··· INPUT MATERIAL

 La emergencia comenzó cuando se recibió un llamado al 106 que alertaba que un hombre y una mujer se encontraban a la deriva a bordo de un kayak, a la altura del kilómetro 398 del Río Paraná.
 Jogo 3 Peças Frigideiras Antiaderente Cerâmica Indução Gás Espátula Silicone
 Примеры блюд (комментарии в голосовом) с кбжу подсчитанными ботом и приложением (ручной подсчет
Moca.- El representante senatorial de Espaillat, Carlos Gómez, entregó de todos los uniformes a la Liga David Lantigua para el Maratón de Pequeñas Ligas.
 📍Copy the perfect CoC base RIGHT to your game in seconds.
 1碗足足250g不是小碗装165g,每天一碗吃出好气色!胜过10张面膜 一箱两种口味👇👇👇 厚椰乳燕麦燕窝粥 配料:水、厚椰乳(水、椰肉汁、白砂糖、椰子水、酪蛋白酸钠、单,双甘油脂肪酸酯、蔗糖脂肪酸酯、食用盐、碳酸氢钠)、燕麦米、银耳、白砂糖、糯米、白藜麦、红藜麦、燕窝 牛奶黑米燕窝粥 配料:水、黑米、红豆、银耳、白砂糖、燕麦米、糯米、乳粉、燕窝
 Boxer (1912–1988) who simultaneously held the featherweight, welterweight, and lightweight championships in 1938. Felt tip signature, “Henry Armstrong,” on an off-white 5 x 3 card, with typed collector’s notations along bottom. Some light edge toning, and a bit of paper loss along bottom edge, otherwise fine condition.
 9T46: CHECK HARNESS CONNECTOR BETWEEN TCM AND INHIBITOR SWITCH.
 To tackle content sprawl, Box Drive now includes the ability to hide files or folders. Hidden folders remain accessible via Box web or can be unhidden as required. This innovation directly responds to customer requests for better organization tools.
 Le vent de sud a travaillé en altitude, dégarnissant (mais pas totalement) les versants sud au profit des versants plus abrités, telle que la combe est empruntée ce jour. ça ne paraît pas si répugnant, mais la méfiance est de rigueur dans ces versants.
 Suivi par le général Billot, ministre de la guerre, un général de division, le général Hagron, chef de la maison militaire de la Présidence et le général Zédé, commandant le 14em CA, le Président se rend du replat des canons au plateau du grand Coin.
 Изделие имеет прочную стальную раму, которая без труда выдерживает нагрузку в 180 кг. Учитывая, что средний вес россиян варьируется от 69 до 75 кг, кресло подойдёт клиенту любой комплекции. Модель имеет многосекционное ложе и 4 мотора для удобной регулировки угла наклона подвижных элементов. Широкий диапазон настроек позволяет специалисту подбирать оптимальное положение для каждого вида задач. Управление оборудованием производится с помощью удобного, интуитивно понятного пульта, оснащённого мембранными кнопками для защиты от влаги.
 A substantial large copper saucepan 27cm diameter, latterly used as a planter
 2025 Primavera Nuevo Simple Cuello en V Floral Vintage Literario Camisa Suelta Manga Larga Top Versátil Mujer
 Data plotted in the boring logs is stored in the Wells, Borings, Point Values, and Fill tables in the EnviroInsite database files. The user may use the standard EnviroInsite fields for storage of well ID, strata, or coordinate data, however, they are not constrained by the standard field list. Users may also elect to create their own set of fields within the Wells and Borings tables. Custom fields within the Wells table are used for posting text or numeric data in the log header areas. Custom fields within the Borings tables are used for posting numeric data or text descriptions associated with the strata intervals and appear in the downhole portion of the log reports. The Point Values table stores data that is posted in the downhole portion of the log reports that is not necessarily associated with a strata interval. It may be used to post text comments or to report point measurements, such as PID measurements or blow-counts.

······

DIRECTIONS FOR THIS TASK – Give back exactly the lines above starting at the line where "game in seconds." appears and ending at the line where "9T46: CHECK HARNESS" appears, both included, with no other lines.

SOLUTION TO THE PROBLEM –
 📍Copy the perfect CoC base RIGHT to your game in seconds.
 1碗足足250g不是小碗装165g,每天一碗吃出好气色!胜过10张面膜 一箱两种口味👇👇👇 厚椰乳燕麦燕窝粥 配料:水、厚椰乳(水、椰肉汁、白砂糖、椰子水、酪蛋白酸钠、单,双甘油脂肪酸酯、蔗糖脂肪酸酯、食用盐、碳酸氢钠)、燕麦米、银耳、白砂糖、糯米、白藜麦、红藜麦、燕窝 牛奶黑米燕窝粥 配料:水、黑米、红豆、银耳、白砂糖、燕麦米、糯米、乳粉、燕窝
 Boxer (1912–1988) who simultaneously held the featherweight, welterweight, and lightweight championships in 1938. Felt tip signature, “Henry Armstrong,” on an off-white 5 x 3 card, with typed collector’s notations along bottom. Some light edge toning, and a bit of paper loss along bottom edge, otherwise fine condition.
 9T46: CHECK HARNESS CONNECTOR BETWEEN TCM AND INHIBITOR SWITCH.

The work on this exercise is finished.